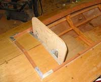 I also used hardware store aluminum angle to fabricate some hinges for the "Folbot" style seat back that allow the back to swivel some, for comfort and to tip up flat to be used as a seat for sitting on the top of the deck. But, this boat is narrower than my "Super" so it is a lot more precarious to sit high, like that. I'll stay in the Bottom of this boat.
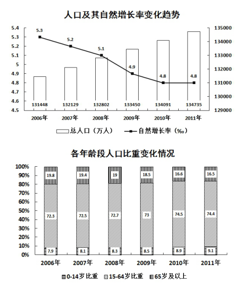 C.人口自然增長越來越少,相比2010年,2011年的人口增長幾乎停滯
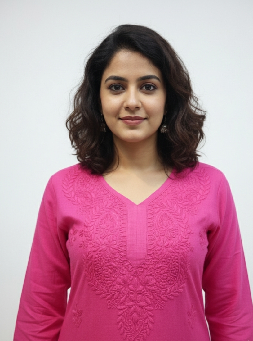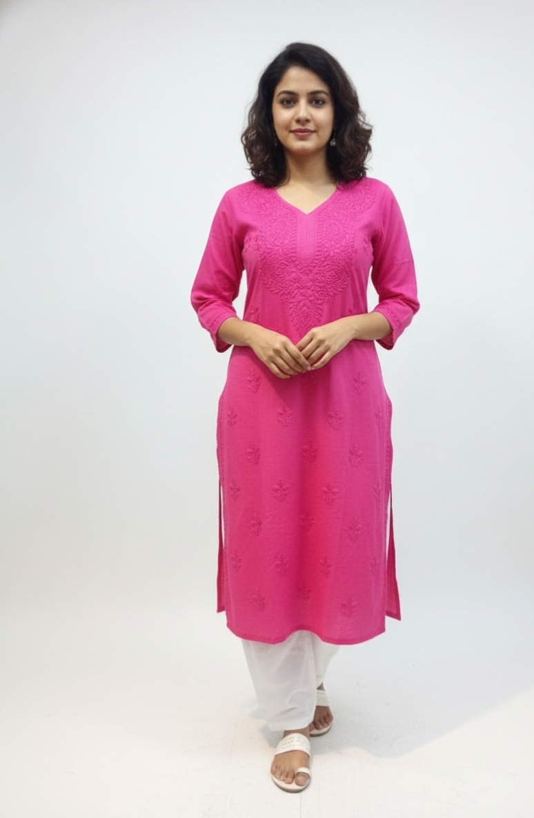 Long Magenta cotton colored kurta with chikankari embroidery. perfact for office casual and festive wear. soft fabric ensure all day comfort. pair it your feavrite bottoms.
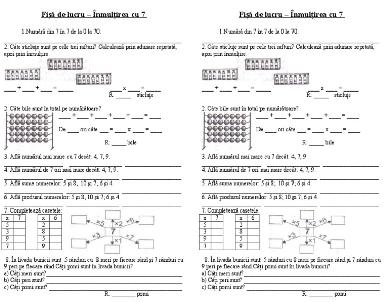 Exerciții Pentru Consolidarea Tablei Inmulțirii și Impărțirii Fișe De
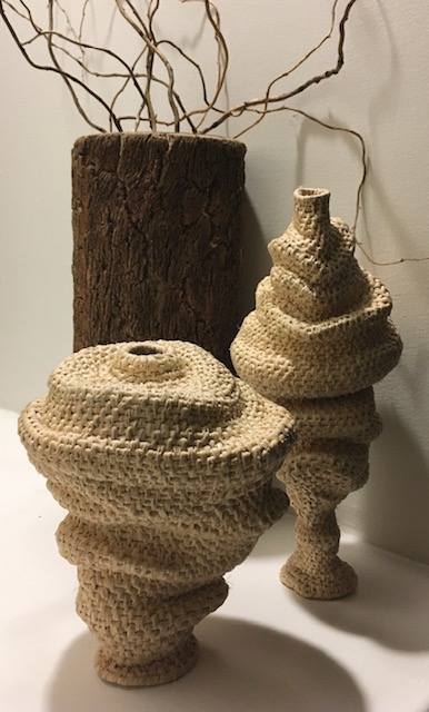 My weavings adhere to general design principles rather than one particular style or period. Although, Native American basketry has always been my favorite, even as a child. Most of the shapes are typical basket shapes, some of the recent work I’ve been experimenting with are very uneven and untraditional shapes. I recently made several resembling tornadoes or cyclones.
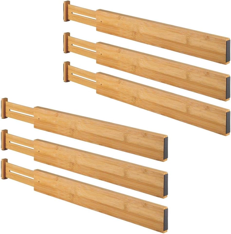 Perfekt für die Organisation von Kleidung, Küchenutensilien, Bürobedarf, Make-up, Badezimmer-Unordnung usw. Perfektes Geschenk: Unsere vielseitigen Schubladenteiler für Kleidung sind in Sets von 2, 4 und 6 Stück erhältlich, die ideale Anzahl von Trennwänden und präzise Verarbeitung machen dieses Schubladenset zur perfekten Geschenkidee für jedermann. Einfache Installation: Die großen Schubladenteiler können in wenigen Sekunden ohne Werkzeug installiert werden! Sind Sie immer noch besorgt, etwas zu finden? Sind Sie immer noch besorgt über verwirrende und unbequeme Dinge? Beginnen Sie Ihr neues organisiertes Leben mit unseren Schubladenteilern aus Bambus. Jede Trennwand hat einen glatten und langlebigen federbelasteten Mechanismus, der fixiert und leicht angepasst werden kann. Bitte messen Sie die Schubladengröße vor dem Kauf Dies ist ein wunderbares Geschenk für Ihre Einweihungsfeier, Muttertag oder Weihnachten. Der Schubladen-Organizer aus Bambus funktioniert als individueller Organizer für alles, von Besteck bis hin zu Dessous und sieht in jedem Raum attraktiv aus Schublade Trenner Praktischer Küchenschubladen-Organizer Für * - Kunststoffeinsatz Mit Verstellbaren Trennwänden Und Speziellen Funktionen: Erweiterbar, Ideal Zur Aufbewahrung Und Organisation Von Essstäbchen, Löffeln Schubladentrenner Verstellbar Küche Jetzt können Sie all das Chaos in der Küche, im Bad, im Büro oder in der Kommode vergessen. Perfekte Lösung, um alles in Ordnung zu halten und Ihr Zuhause ordentlich aussehen zu lassen. genialo - Bambus-Schubladen-Schränkchen Mehrzweck-Trennwände aus Bambus: Diese Küchenschubladenorganizer können in jeder Schublade Ihres Hauses oder Büros installiert werden. 1 Stück Schubladen-Organizer-Tabletts, stapelbare Trennwände aus Filz, vielseitige Trennwände für Kosmetik- und Make-up-Schubladen im Home Office
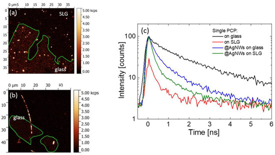 In addition to the changes in the fluorescence intensity of emitters, coupling with plasmonically active nanomaterials may result in reduction in fluorescence decay times due to increase in radiative rate [42]. Similarly, the energy transfer also may cause the shortening of the decay time due to the emergence of new non-radiative recombination channels [42]. Therefore, a spatially and time-resolved fluorescence experiment needs to be carried out for a complete picture of the spectroscopic properties of complex hybrid nanostructures, where the graphene-induced quenching competes with plasmonic enhancement. For that purpose, a TCSPC method adapted to a confocal microscope was used. For every sample, the experiment was performed in the following sequence: first, a fluorescence intensity map was registered to determine the positions of either silver nanowires, graphene flakes, or both on the sample surface. In the next step, fluorescence decays were acquired for tens of emission spots measured for each out of four studied hybrid nanostructures. In Figure 4a and Figure 4b, respectively, we show the typical fluorescence intensity maps of single PCP complexes in a PVA matrix and single PCP complexes conjugated with silver nanowires. As the samples were prepared on substrates, where flakes of monolayer graphene were present, the proper selection of the area of the sample allows for the direct comparison of fluorescence intensity and the decay for PCP complexes coupled and uncoupled to the graphene. The boundaries of graphene in Figure 4a,b are marked with green lines. The fluorescence intensity map for highly diluted PCP complexes in a PVA matrix (Figure 4a) features well-separated spots, some of which—characterized with rather high intensities—are most probably due to PCP aggregates. In contrast, on graphene, the number of high-intensity emission spots is noticeably smaller, and the intensities are also less than for PCP placed on glass. This result is in qualitative agreement with the observations made using wide-field fluorescence microscopy. In the case of PCP complexes conjugated with silver nanowires, as presented in Figure 4b, a major part of the nanowire is located on graphene, with just one end lying on the glass. The difference in the intensity of PCP fluorescence between glass and graphene is, in this case, less noticeable.
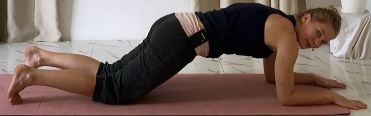 • Drücke die Unterarme aktiv in den Boden. Beginne, vom oberen Teil der Wirbelsäule in eine Rundung zu gehen (optional: hebe kurz die Beine an, bis du in einer Plank bist).
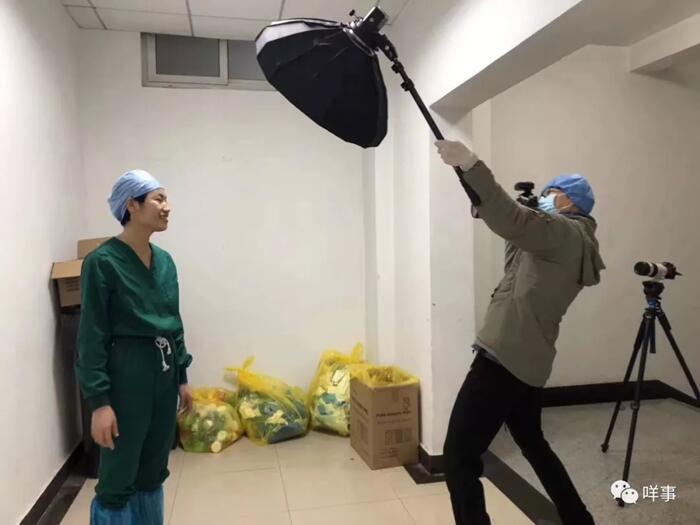 鐘銳鈞說,在拍攝的兩天內(nèi),他一直守在漢口醫(yī)院的隔離區(qū)外,等到醫(yī)護(hù)人員出門便走上前去,讓每個(gè)人只停留一分鐘,一手舉燈一手持相機(jī)完成拍攝。
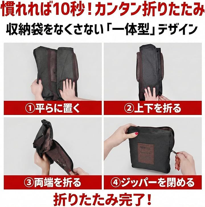 使わない時は厚さ数センチ(約18x20cm)に畳んでバッグの隅へ。

****************************************

- Task goal -
Nothing but the lines from the top of the data above through the line containing "C.人口自然增長越來越少,相比2010年,2011年的人口增長幾乎停滯" should be output, exactly as written and without the pictures.

- Written answer -
 I also used hardware store aluminum angle to fabricate some hinges for the "Folbot" style seat back that allow the back to swivel some, for comfort and to tip up flat to be used as a seat for sitting on the top of the deck. But, this boat is narrower than my "Super" so it is a lot more precarious to sit high, like that. I'll stay in the Bottom of this boat.
 C.人口自然增長越來越少,相比2010年,2011年的人口增長幾乎停滯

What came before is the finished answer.